Contestó a todas mis preguntas, pero yo creía descubrir en su entonación no sé qué repugnancia. El oficial segundo, con tres o cuatro hombres, se hallaba ocupado en la proa. Burns me dijo su nombre y yo lo saludé al pasar. Era extremadamente joven, al punto de que casi me hizo el efecto de un niño.
Cuando regresamos a la cámara, me senté en la extremidad de un canapé de terciopelo rojo semicircular, o más bien semiovalado, que ocupaba toda la parte posterior de la cámara. Mr. Burns, al que ofrecí asiento, se dejó caer en una de las sillas giratorias que había en torno a la mesa y continuó mirándome con la misma insistencia y una expresión extraña, como si todo aquello fuese una pura ficción y esperase a cada momento verme levantar riendo a carcajadas, y, dándole una palmadita en la espalda, desaparecer de la cámara, como por ensalmo.
Esa situación tenía algo raro que comenzaba a inquietarme. Me esforcé, sin embargo, por reaccionar contra tan confuso sentimiento.
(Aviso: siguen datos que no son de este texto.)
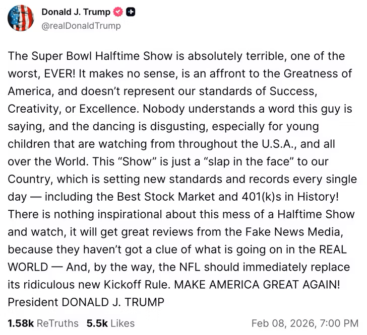 Bad Bunny n’a également pas échappé à la rage de Trump qui juge la prestation comme “l’une des pires” et “absolument horrible”. Son regard se ressent sur les danses de perreo jugées comme “dégoûtantes surtout pour les enfants”. À la lumière de la récente atrocité que constituent les dossiers Epstein, cela montre très clairement les préoccupations véhémentes que Donald Trump dit avoir pour les enfants. Ce Super Bowl 2026 heurte ainsi la réaction trumpiste au reste du monde, avec la vidéo du show cumulant près de 3,3 millions de j’aimes sur Youtube, son succès internationnal ne semble pas faire débat.

«Es mi inexperiencia, y nada más», pensé. En presencia de aquel hombre algunos años mayor que yo, según me pareció, tuve conciencia de lo que había dejado detrás de mí -conciencia de mi juventud-. Pero esto apenas si podía servirme de consuelo. La juventud es una gran cosa, una fuerza poderosa, mientras no se piensa en ella. Me sentía confuso. Casi a pesar mío, afecté una gravedad malhumorada.
– Veo que ha mantenido usted el barco en buen orden, Mr. Burns -le dije.
Apenas había pronunciado estas palabras, cuando ya me preguntaba coléricamente por qué lo había hecho. A manera de respuesta, Mr.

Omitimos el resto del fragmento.